Wir haben jetzt also eine komplizierte Dreifachsummierung: Den Anfangs- und den Endzustand beschreiben wir jeweils als Überlagerung aus einzelnen Ortszuständen, und für jede denkbare Kombination betrachten wir dann noch alle möglichen Wege. Das kann man vielleicht etwa so veranschaulichen:
Es werden also alle Wege von allen möglichen Start- zu allen möglichen Endpunkten jeweils überlagert und dann am Ende alles aufsummiert. Da kann einem beim Hinschauen schon etwas schwummrig werden – aber zum Glück ist die Mathematik der ganzen Angelegenheit wesentlich einfacher, als man vielleicht denkt: Am Ende überlagern sich nämlich alle denkbaren Möglichkeiten genau so, dass die Wahrscheinlichkeit dafür, dass der Impuls des Teilchens um 12.00:01 derselbe ist wie der um 12.00:00, genau gleich 1 ist, und alle anderen Möglichkeiten haben die Wahrscheinlichkeit Null.
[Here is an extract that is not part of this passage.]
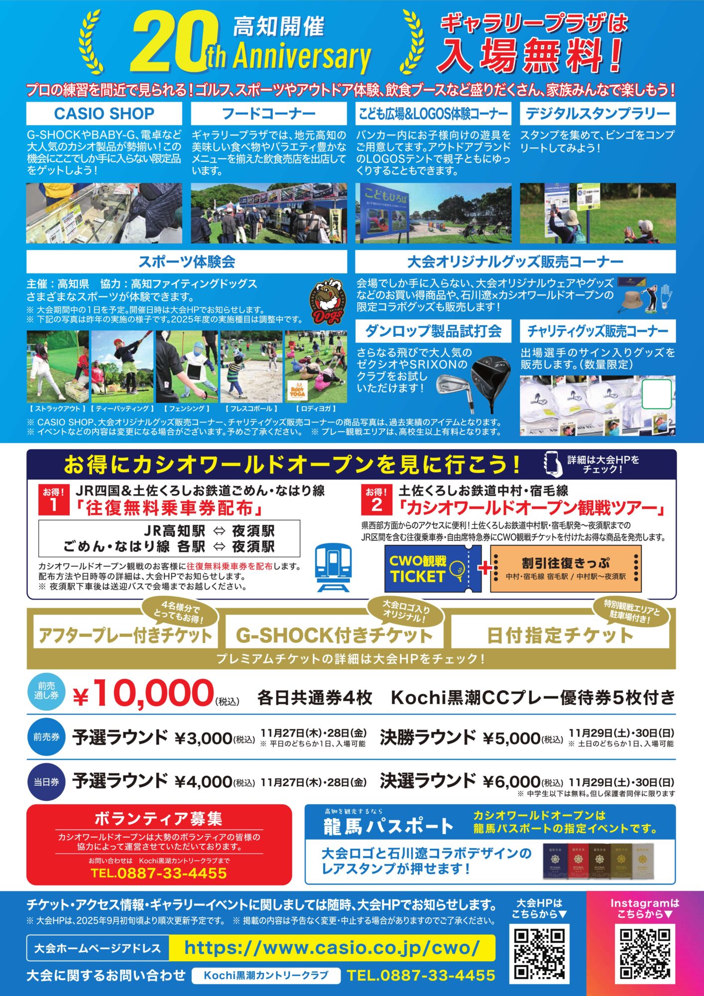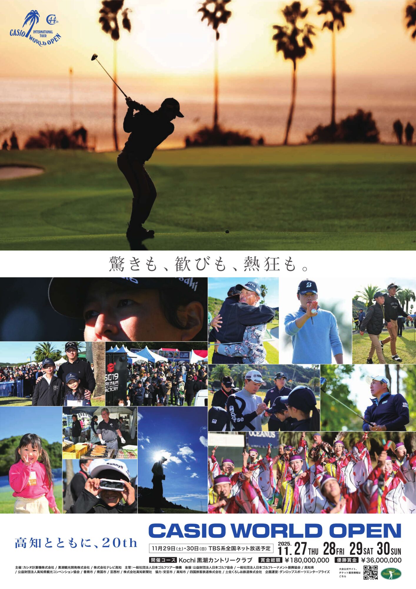 作为国内男子高尔夫巡回赛的最后一场比赛,以大赛东道主、卡西欧所属的石川辽选手为首的职业高尔夫选手争夺奖金王和种子权展开了热战的本次大会,为了纪念高知举办的第20届,除了向20多岁的人免费开放观战区域之外,每天向先到的2000名客人分发小说商品。

Einzelne Wege von A nach B scheinen also die Impulserhaltung zu verletzen, aber die Überlagerung der einzelnen Wege ist ja nur unsere Art, den Prozess zu beschreiben – physikalisch relevant ist nur das Endergebnis. Deswegen finde ich es auch etwas unglücklich, wenn manche Leute – wie David Deutsch in seinem Buch “Fabric of Reality” – sagen, dass das Teilchen in unterschiedlichen Paralleluniversen existiert, die dann miteinander wechselwirken. Keins dieser “Paralleluniversen” ist für sich genommen physikalisch zulässig. Wenn man den Prozess bildlich beschreiben will, dann kann man natürlich sagen: “Das Teilchen geht alle Wege gleichzeitig mit allen denkbaren Geschwindigkeiten und interferiert am Ende mit sich selbst, so dass die Wahrscheinlichkeit des Endzustands herauskommt”. (So ähnlich formuliert es auch Feynman im oben erwähnten QED-Buch.) Aber das ist eben eine anschauliche Beschreibung unserer Rechenvorschrift, nicht unbedingt eine anschauliche Beschreibung dessen, was im Universum “tatsächlich” passiert – wie man schon daran sehen kann, dass man das Teilchen ja auch ohne den Pfadintegral-Formalismus beschreiben kann, so wie wir es im letzten Teil getan haben. Es ist durchaus nützlich, beide Bilder parat zu haben; manchmal ist das eine praktischer und anschaulicher, manchmal das andere. Aber wie die Natur “wirklich” ist, können wir nicht sagen.
Falls ihr jetzt denkt, dass mit diesem Fazit alles gesagt wäre, was man zum Thema “Ein Teilchen fliegt von A nach B” sagen kann – nein. Aber den 4. (und vermutlich 5. (oder gar 6.???)) Teil dieser Serie verschiebe ich dann ins nächste Jahr (in dem auch noch die im Sommer begonnene Serie zum Vakuum weitergehen sollte).
Für dieses Jahr aber war’s das.
Allen Leserinnen und Lesern einen guten Rutsch und alle guten Wünsche für 2014.